XIII. Милославские и нарышкины
Впрочем, такое отношение к царю из рода Нарышкиных было понятным.
С тех пор как давно уже сгнивший византизм поразил своим тлетворным ядом молодое московское государство, всегда в нем была ожесточенная борьба боярских партий за власть.
Хитрая проныра, воспитанница иезуитов, Софья Палеолог[12] внесла жалкие интриги и коварные хитросплетения в дворцовую политику. Когда ее тезка, богатырша-литвинка Софья Витовтовна, дочь славного героя Грюнвальдской битвы, в которой славяне разбили наголову проклятого тевтона, выпив лишний кубок, подралась на свадебном пиру своего сына с богатырем Василием Юрьевичем и восстановила против своего сына Шемяку и князей, то в этом была мощь, но не подлая интрига, из-за этого пошла открытая борьба, в которой и народ принимал участие.
Когда Софья Палеолог добилась казни – первой публичной в России казни! – не угодившего ей Ряполовского, действовала скверная дворцовая интрига. Когда она лишила венца и престола и свела в Млаву первого коронованного царя, юношу Дмитрия Ивановича, – опять-таки действовала адски сплетенная дворцовая интрига. Внук гречанки – гениальный Иоанн IV, – «гнев, венчанный на престоле», в детстве которого боролись за власть Вельские и Глинские, сумел обескровить дворцовую интригу, но не уничтожил ее. Именно ее жертвою стали царь Федор Иоаннович и Борис Годунов, и его несчастный сын Федор, и Дмитрий Самозванец, и Василий Шуйский, и Владислав Польский. А кроме последнего, личности в истории неизвестной, и первого, типичного вырожденца, все это были талантливые правители, и каждый из них возвеличил бы Россию перед всеми соседями, если бы только не работала против них опять-таки дворцовая интрига.
Дворцовой интриге Россия была обязана всем своим Смутным временем. Но даже опасность для государства, бывшего в смутные годы (1606–1613) на краю гибели, изнемогавшего под страшными ударами поляков и шведов, раздираемого в клочки внутренними беспорядками, не образумили, ничему не научили добивавшихся власти ради власти бояр.

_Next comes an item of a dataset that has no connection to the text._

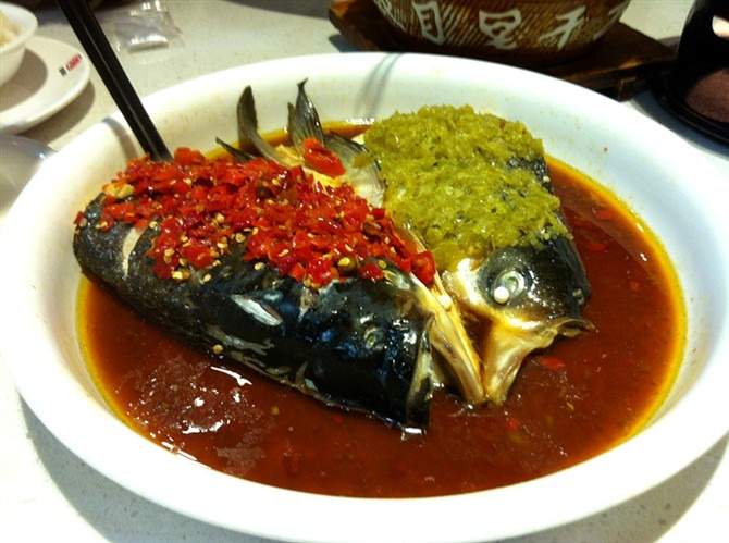鸳鸯鱼头,朋友们一个很喜欢剁椒鱼头,一个很喜欢吃里面的鸡蛋面。我觉得都很赞。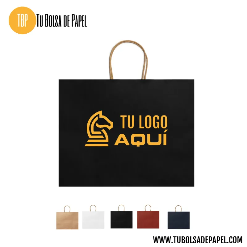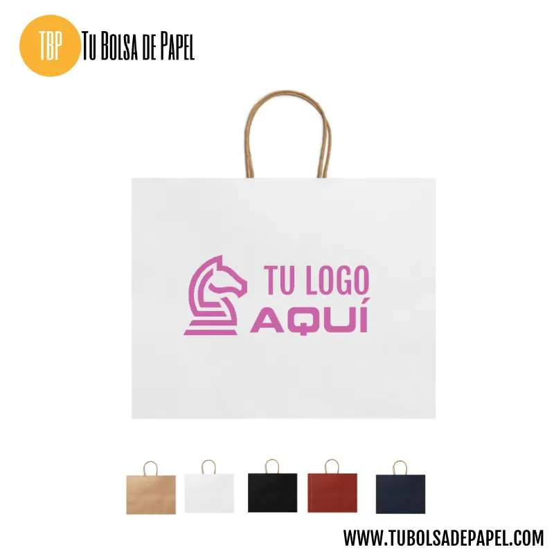 Destaca tu marca con estilo y comodidad utilizando nuestras Bolsas Asa Rizada 41 x 32x 12 cm Kraft personalizadas a todo color. Impulsa tu estrategia de marketing y deja una impresión duradera en tus clientes. ¡Haz tu pedido ahora y disfruta de la máxima personalización y calidad en tus bolsas de papel!

Церковь, в лице энергичного Филарета Никитича, вырвала Россию из омута боярских интриг и козней и возвеличила ее, поставив вровень со всеми ее европейскими соседями при Никоне; первые Романовы, цари Михаил и Алексей Тишайший, прекрасно знавшие, каковы окружавшие их бояре и на что они были способны, отвернулись от знати и обратились к народу. Они правили с «землей», созывая земские соборы, и в кратчайшее время обессиленное государство оправилось, окрепло и стало могучим, сколь могучим никогда еще не было в своем прошлом.